BEGIN
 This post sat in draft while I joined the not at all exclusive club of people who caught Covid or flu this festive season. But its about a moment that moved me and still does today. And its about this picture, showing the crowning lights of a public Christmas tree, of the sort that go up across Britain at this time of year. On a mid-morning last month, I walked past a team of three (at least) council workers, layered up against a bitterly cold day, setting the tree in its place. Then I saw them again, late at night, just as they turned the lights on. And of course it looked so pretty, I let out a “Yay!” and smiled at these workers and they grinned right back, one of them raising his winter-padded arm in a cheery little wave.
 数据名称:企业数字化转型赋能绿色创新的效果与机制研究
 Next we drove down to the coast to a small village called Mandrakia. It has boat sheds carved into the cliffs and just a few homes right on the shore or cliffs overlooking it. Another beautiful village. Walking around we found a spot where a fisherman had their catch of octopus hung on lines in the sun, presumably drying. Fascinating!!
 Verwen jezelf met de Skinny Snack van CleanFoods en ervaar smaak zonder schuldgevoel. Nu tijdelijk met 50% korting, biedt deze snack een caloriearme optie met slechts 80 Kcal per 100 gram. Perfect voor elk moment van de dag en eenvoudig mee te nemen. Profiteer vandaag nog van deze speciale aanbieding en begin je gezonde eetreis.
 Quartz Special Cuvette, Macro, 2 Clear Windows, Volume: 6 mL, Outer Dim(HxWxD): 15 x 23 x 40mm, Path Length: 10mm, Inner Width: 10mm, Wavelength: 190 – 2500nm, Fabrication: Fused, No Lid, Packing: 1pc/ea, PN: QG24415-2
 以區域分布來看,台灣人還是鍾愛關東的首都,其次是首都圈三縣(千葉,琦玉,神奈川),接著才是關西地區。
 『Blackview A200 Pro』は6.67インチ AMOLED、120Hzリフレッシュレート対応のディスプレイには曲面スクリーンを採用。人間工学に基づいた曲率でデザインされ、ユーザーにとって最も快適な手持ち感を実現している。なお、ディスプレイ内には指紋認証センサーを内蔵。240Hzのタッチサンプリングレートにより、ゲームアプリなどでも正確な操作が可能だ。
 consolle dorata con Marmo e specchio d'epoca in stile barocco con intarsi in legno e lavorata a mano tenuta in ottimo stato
END
**Aim of the exercise:** Exactly as they appear above, the records are to be transcribed in full.

**Reply to the exercise:**
 This post sat in draft while I joined the not at all exclusive club of people who caught Covid or flu this festive season. But its about a moment that moved me and still does today. And its about this picture, showing the crowning lights of a public Christmas tree, of the sort that go up across Britain at this time of year. On a mid-morning last month, I walked past a team of three (at least) council workers, layered up against a bitterly cold day, setting the tree in its place. Then I saw them again, late at night, just as they turned the lights on. And of course it looked so pretty, I let out a “Yay!” and smiled at these workers and they grinned right back, one of them raising his winter-padded arm in a cheery little wave.
 数据名称:企业数字化转型赋能绿色创新的效果与机制研究
 Next we drove down to the coast to a small village called Mandrakia. It has boat sheds carved into the cliffs and just a few homes right on the shore or cliffs overlooking it. Another beautiful village. Walking around we found a spot where a fisherman had their catch of octopus hung on lines in the sun, presumably drying. Fascinating!!
 Verwen jezelf met de Skinny Snack van CleanFoods en ervaar smaak zonder schuldgevoel. Nu tijdelijk met 50% korting, biedt deze snack een caloriearme optie met slechts 80 Kcal per 100 gram. Perfect voor elk moment van de dag en eenvoudig mee te nemen. Profiteer vandaag nog van deze speciale aanbieding en begin je gezonde eetreis.
 Quartz Special Cuvette, Macro, 2 Clear Windows, Volume: 6 mL, Outer Dim(HxWxD): 15 x 23 x 40mm, Path Length: 10mm, Inner Width: 10mm, Wavelength: 190 – 2500nm, Fabrication: Fused, No Lid, Packing: 1pc/ea, PN: QG24415-2
 以區域分布來看,台灣人還是鍾愛關東的首都,其次是首都圈三縣(千葉,琦玉,神奈川),接著才是關西地區。
 『Blackview A200 Pro』は6.67インチ AMOLED、120Hzリフレッシュレート対応のディスプレイには曲面スクリーンを採用。人間工学に基づいた曲率でデザインされ、ユーザーにとって最も快適な手持ち感を実現している。なお、ディスプレイ内には指紋認証センサーを内蔵。240Hzのタッチサンプリングレートにより、ゲームアプリなどでも正確な操作が可能だ。
 consolle dorata con Marmo e specchio d'epoca in stile barocco con intarsi in legno e lavorata a mano tenuta in ottimo stato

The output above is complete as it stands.